In my perspective, it feels like “Need” implies that it is some character trait / defect or flaw. Especially when it’s attached to some psychological or intangible trait like “love.”
Generally speaking, I’ve found that we all have a trigger. It’s a need/want trigger. Speaking strictly for myself:
I need human connection in my life.
I need to feel respected.
I need to feel like I am heard.
I want love to be reciprocal, whether in a friendship or relationship.
I want to be good, just, and kind.
But all of these things, generally are based on a perception of how I’m seen connected or conflated with how I feel I’m treated. I find the only way those perceptions change is by utilizing communication.
More personally, I take great offense with those who say to me “you just need to love yourself more.” or “all you need in life is to love yourself.” To me, that’s a bunch of malarky. Very few people, I think, could live a life of solitude. If you’re a monk, MAAAAAAAAYBE. But even then, they’re not alone.
When a decision has been made that affects or effects a path you’re on, and when those decisions have a direct affect (perceived or real) on one’s person’s life… Then, what I want you to know is that I need to be involved in the discussion.
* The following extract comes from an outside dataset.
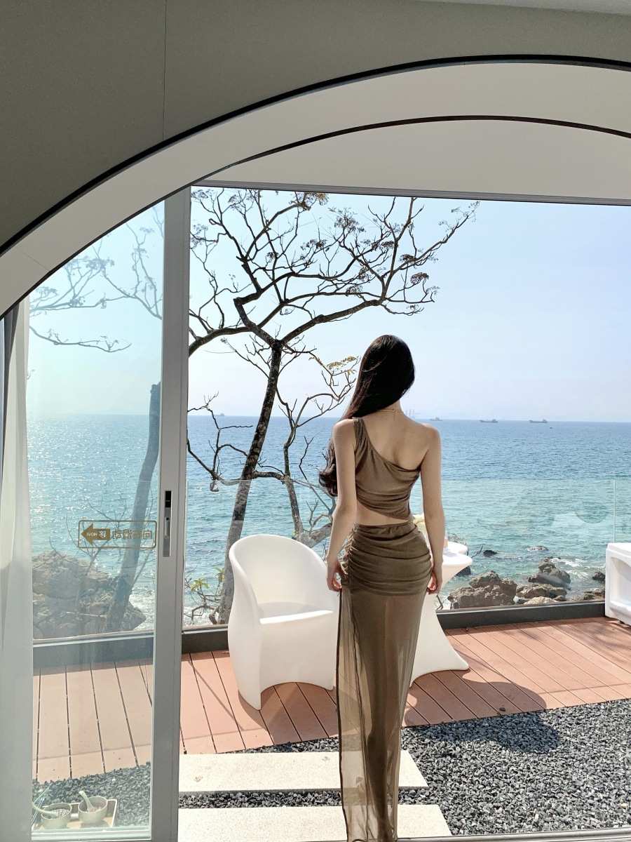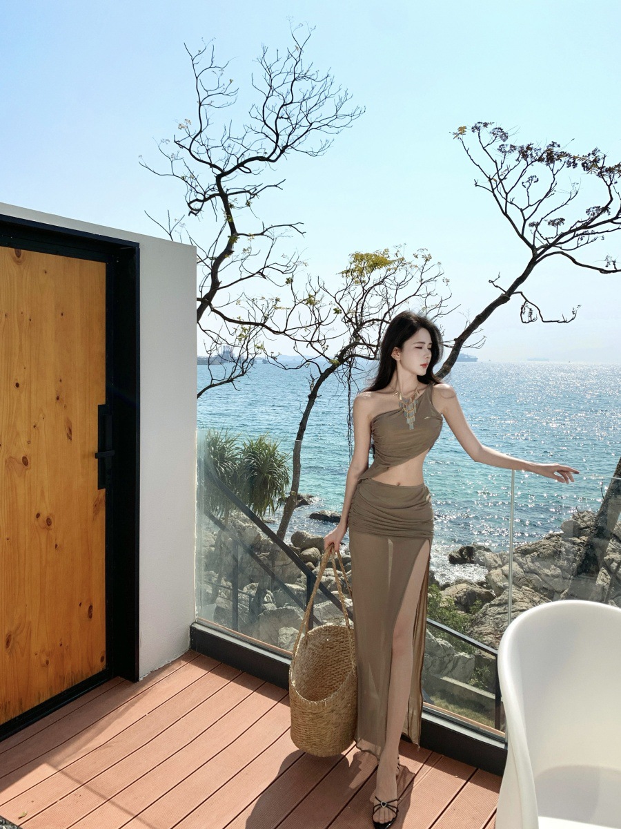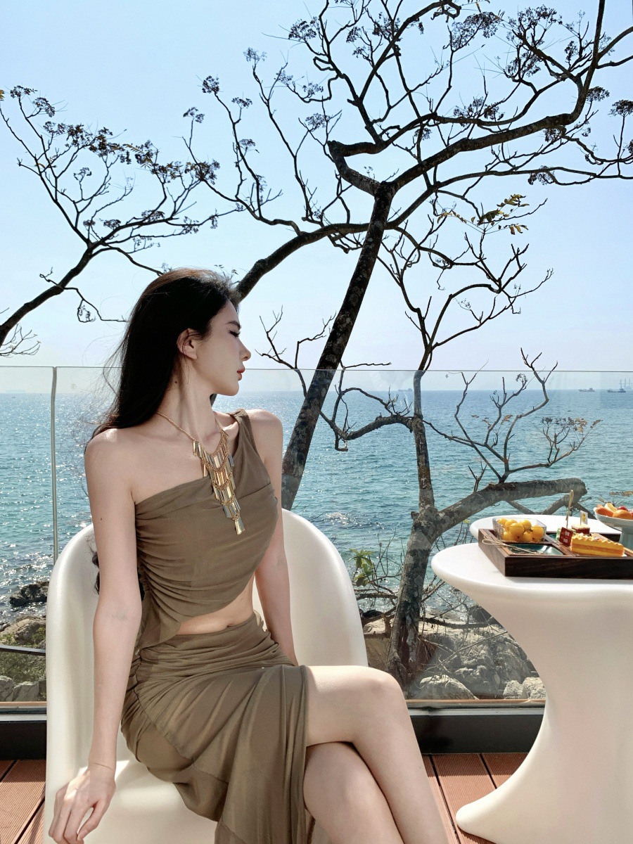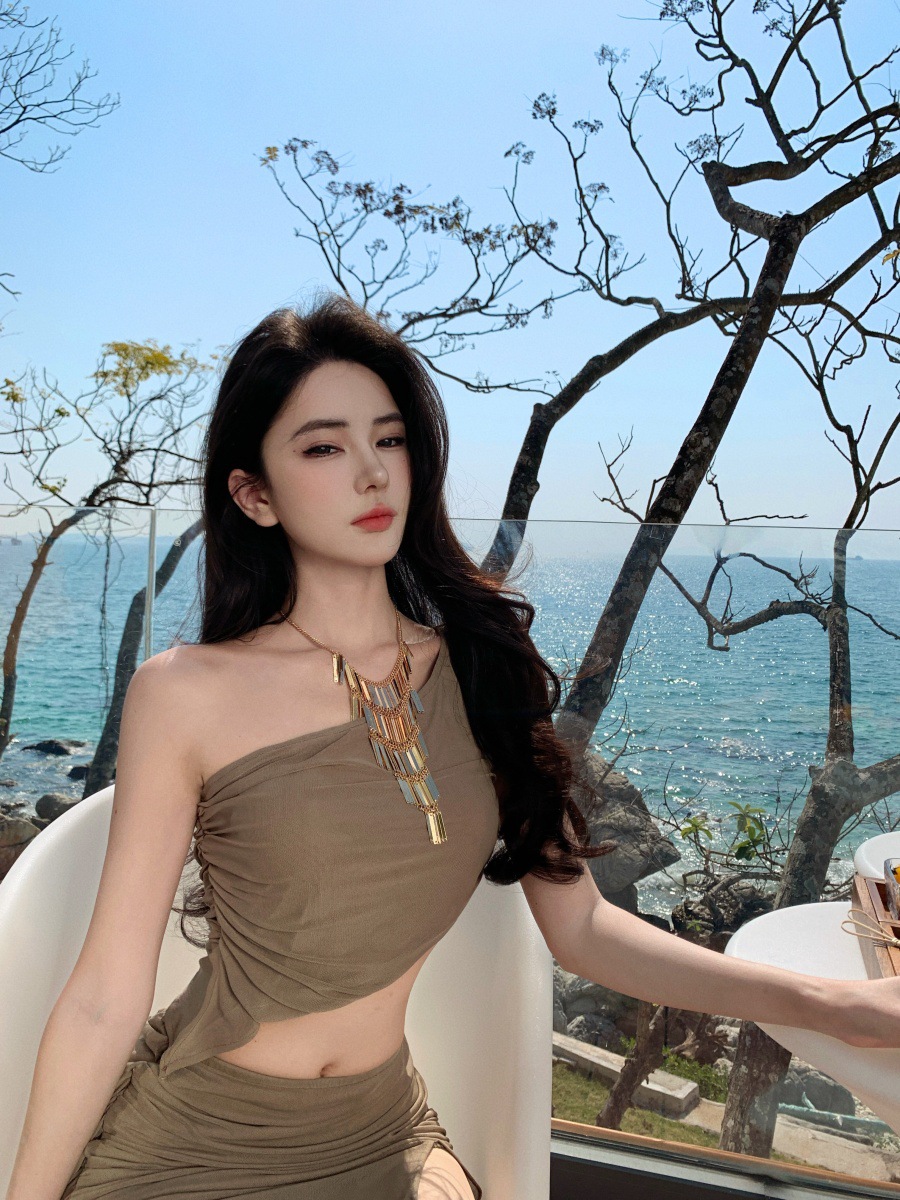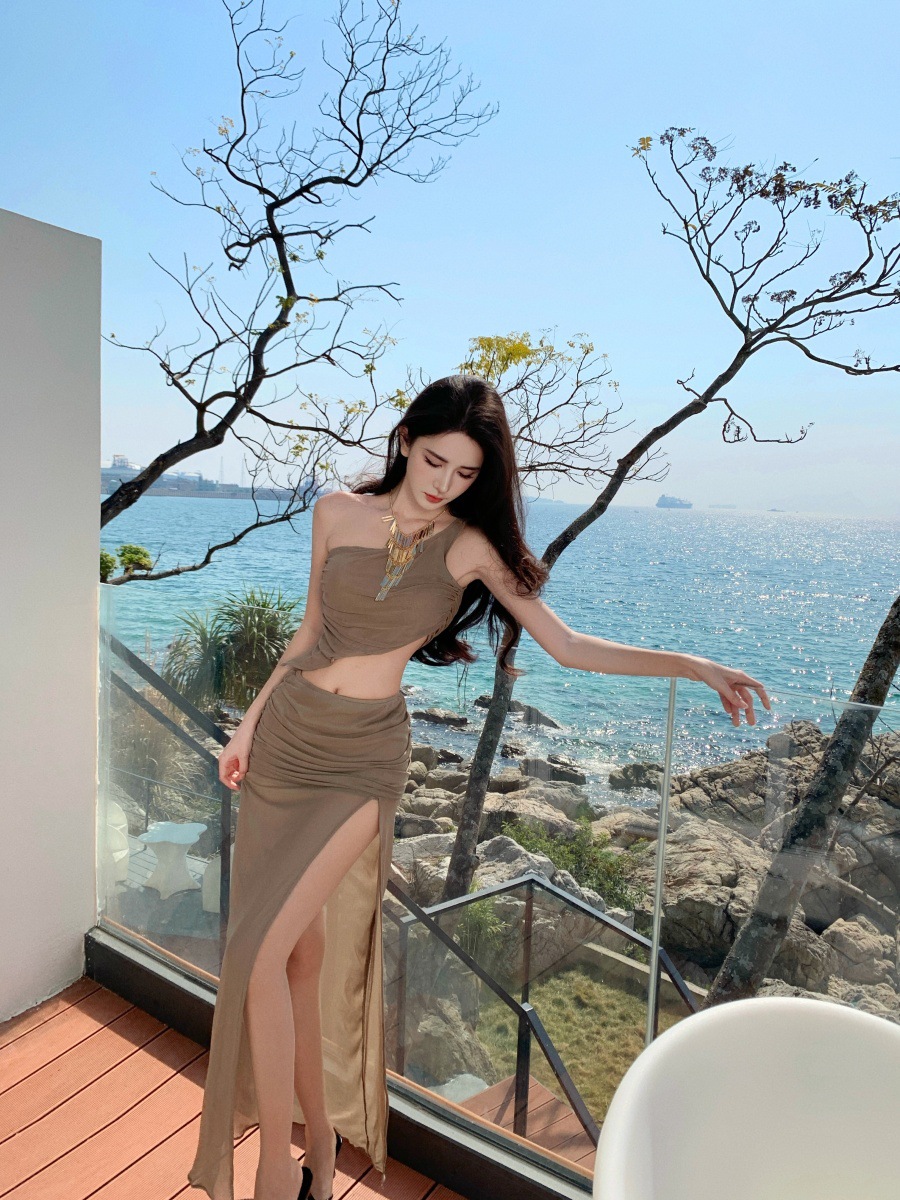 프랑스 스타일 여름 순수한 욕망 스파이스 소녀 휴가 착용 세트 여성용 민소매 스트랩리스 조끼 높은 허리 스플릿 스커트스토어 가기

When you respect a person’s opinion or respect a person in general. You WANT their acceptance; you WANT to meet like-minded people. Within a relationship, there are many times you must make decisions based on your needs (whether those needs are being met or not).
Now, that’s not to say that your decision will not an effect on the other’s lives – in relationships, they always do. Those are the times some would see your choices and decisions as selfish, and they probably are. Not only should you be able to explain the decisions, but obviously you should consider the impact on others. Because only if you’re aware a problem exists can you do anything to fix it.
Other times, consulting or including another in the process is called being considerate. It also has the added benefit of showing a person that you care about their experience, too. Though, some will see this as being burdensome or judgmental. It is sometimes necessary to listen to someone else’s perspective on a particular issue — but you do not have to take their advice. Remember that.
This life is not meant to be lived in isolation. If that were true, we would all still be living on farms or in isolation pods. It’s often said, “it takes a village.
But, the most important item still remains, when you make a decision that hurts someone – the most important thing you can do, the best thing you could do to clear up any hurt feelings is to discuss, apologize, or explain your side.
What I have been struggling with lately is that it feels that very few people want to (at this point) are willing to help me understand why my perspective “is flawed” instead deploying a strategy of deflection, avoidance, and distance.
And I struggle to accept those resignations.